Возникновение эукариот знаменует союз двух способов эксплуатации среды, будто созданных друг для друга: хищничества и дыхания. Первый позволяет превращать целые чужие организмы в питательные вещества. Второй извлекает из питательных веществ максимум энергии. Поэтому эукариот с митохондрией — это не просто корабль, на котором гены плывут сквозь время, а настоящая "Звезда смерти", принципиально новое слово в живой природе30.
Но важнее, на мой взгляд, не боевая мощь дышащего эукариота. Важнее его организменность.
С возникновением эукариот происходит перелом "бактериального мышления". В примере с устойчивостью к антибиотикам я говорил, что бактерии — существа "множественного числа", оперирующие не как отдельные организмы, а как целые популяции, штаммы. Эукариоты впервые начинают оперировать не только как штаммы, но и как личности.
Условно говоря, в какой-то момент прошлого существовала архея с дышащей бактерией внутри, и была генетически точно такая же архея, но без бактерии. Первая архея победила не потому, что у нее были лучше гены, а потому, что ее индивидуальная жизнь как организма оказалась более продуктивной — ей удалось обзавестись митохондрией. Для среднего прокариота значение имеет только набор генов в пределах клетки. С возникновением эндосимбиоза, при котором одни клетки живут в других клетках, становится важна не только генетическая информация, а личная история организма. Я считаю, что отсчет эукариотической "организменности", нашей эволюционной ставки на совершенство в пределах поколения, нужно вести именно с этой точки.
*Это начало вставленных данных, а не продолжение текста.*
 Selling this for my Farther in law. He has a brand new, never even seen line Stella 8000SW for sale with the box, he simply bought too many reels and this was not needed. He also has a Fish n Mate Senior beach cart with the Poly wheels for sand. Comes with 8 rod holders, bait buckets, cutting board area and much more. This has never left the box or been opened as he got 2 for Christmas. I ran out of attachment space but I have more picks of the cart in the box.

"Звезда смерти" эукариотической клетки — это такое большое вложение капитала, что его уже не выкинешь при первом погодном капризе. Она заинтересована в долгосрочном выживании. Это бактерии могут позволить себе терять 99% населения и за пару часов возвращаться к исходным числам. Эукариотический организм — масштабный продукт масштабной операции по добыче энергии. На его производство требуется время и большое количество питательных веществ. Поэтому сам факт существования эукариот, этих ядерных ракетоносителей, направляет их эволюцию в сторону дальнейшего усложнения: как бы продлить дорогим организмам жизнь, как бы их размножить не один раз, а хотя бы несколько, как бы научить их получше приспосабливаться к окружающей среде без необходимости уничтожать неудачные варианты. Ну и, конечно, как бы их вооружить для поедания кого-нибудь другого, чем крупнее — тем лучше. В итоге появляется половое размножение, увеличивающее изменчивость в расчете на поколение, многоклеточность, позволяющая создавать новые организмы без исчезновения старых, и мозг, позволяющий адаптироваться к среде не за миллион лет, а за секунду. А также зубы, когти, жала и желудки.
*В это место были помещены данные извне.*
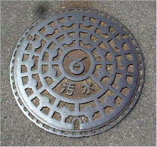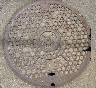 一般家庭と本管を繋ぐ鉄製のマンホー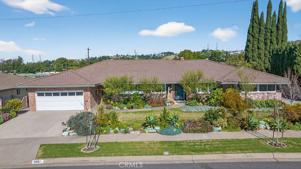 This expertly manicured single-story estate is perfectly located in an end of Cul de sac location. Impeccably maintained and expertly crafted, this homes charm starts from the street. Boasting a soft and colorful softscape, clean architectural lines, and spacious side yard parking, this Villa Park adjacent gem is a benchmark for the neighborhood. Architectural brick siding, ornate iron gates, crisp white windows with dark shutters, and custom rain gutters give this home a feeling of understated elegance the minute you walk up. Enter through quaint glass inlaid front door into a light and spacious entry. Framed with period specific stone and “original” hardwood floors, this home is the perfect mix of old word charm and modern utility! The spacious and inviting family room boasts floor to ceiling brick finished fireplace, stain grade exposed beam ceilings, etched glass sliders, recessed cans, and a great view of the immaculate back yard. Living room is spacious and open and enjoys the same etched glass sliders and backyard access as the family room. Kitchen is a dream with refinished stain grade cabinets, stone counters, SS appliances, custom tile splash, double oven, 6 burner cooktops w/ elegant hood, coffered ceilings, and sprawling counter space. The floorplan is incredibly versatile and boasts 4 beds and 3 baths in the main home and a completely self-sufficient 1/1 guest house. The guest house is complete with kitchenette, and elegantly finished bath. Separate laundry hook ups are in the garage to make this unit a stand-alone gem. Primary bedroom is spacious and inviting with backyard views, dual pane windows, and ample bath and closet space. Exterior utility closet space adjacent to the primary bath allows for plenty of room for a future reno. All bedrooms are spacious, light, and airy and enjoy ceiling fans for plenty of air circulation and flow. One of the most inviting in person features is the sprawling and warm covered patio and backyard. Expertly manicured by a caring green thumb and featuring too many fruit trees to mention, this yard is so relaxing and inviting. Previous pool was removed “with permits” to allow for a potential future separate ADU in addition to the currently attached guest house. The care and attention to detail this home boasts is unparalleled. Other incredible features include ceiling fans, potential RV access, lush landscape, fresh paint, permitted 200-amp panel, dual unit HVAC, EV charging service, and so much more!

Мы, эукариоты, с самого начала сделали ставку на сложность и до сих пор пожинаем плоды этого решения. Вступив в союз с митохондрией, наши предки, археи Асгарда, подсели на кислородную иглу. Чем больше энергии они жгли, тем они были крупнее, сложнее и совершеннее. И тем больше от них требовалось, чтобы поддерживать свою крупность, сложность и совершенство. Вдохнув кислорода и не умерев, они вскочили на эволюционный поезд, с которого им было уже не слезть.
Если человек перестает дышать, в течение нескольких минут нейронам его головного мозга становится остро не хватать запасов энергии. Этот мозг — энергетическая кульминация жизни на земле. Наше огромное теплокровное тело и так топит питательно-дыхательную печку на пределах биохимических возможностей, но мозг потребляет в десять раз больше энергии в расчете на вес, чем организм в среднем. Почти вся эта энергия уходит на поддержание заряда на мембранах сотни миллиардов нейронов32, 33. Если поставки энергии сокращаются (именно сокращаются, а не прекращаются — без кислорода питательные вещества вполне можно расщеплять, просто не так эффективно), то буквально за минуты заряд на мембранах начинает падать, что в конечном итоге вызывает неконтролируемый выброс нейромедиаторов, судороги и смерть. У человека нет зависимости сильнее, чем от этого газа, в свое время едва не уничтожившего жизнь на Земле: несколько минут без кислорода — и нам вышибает пробки. Ну не ирония ли это судьбы?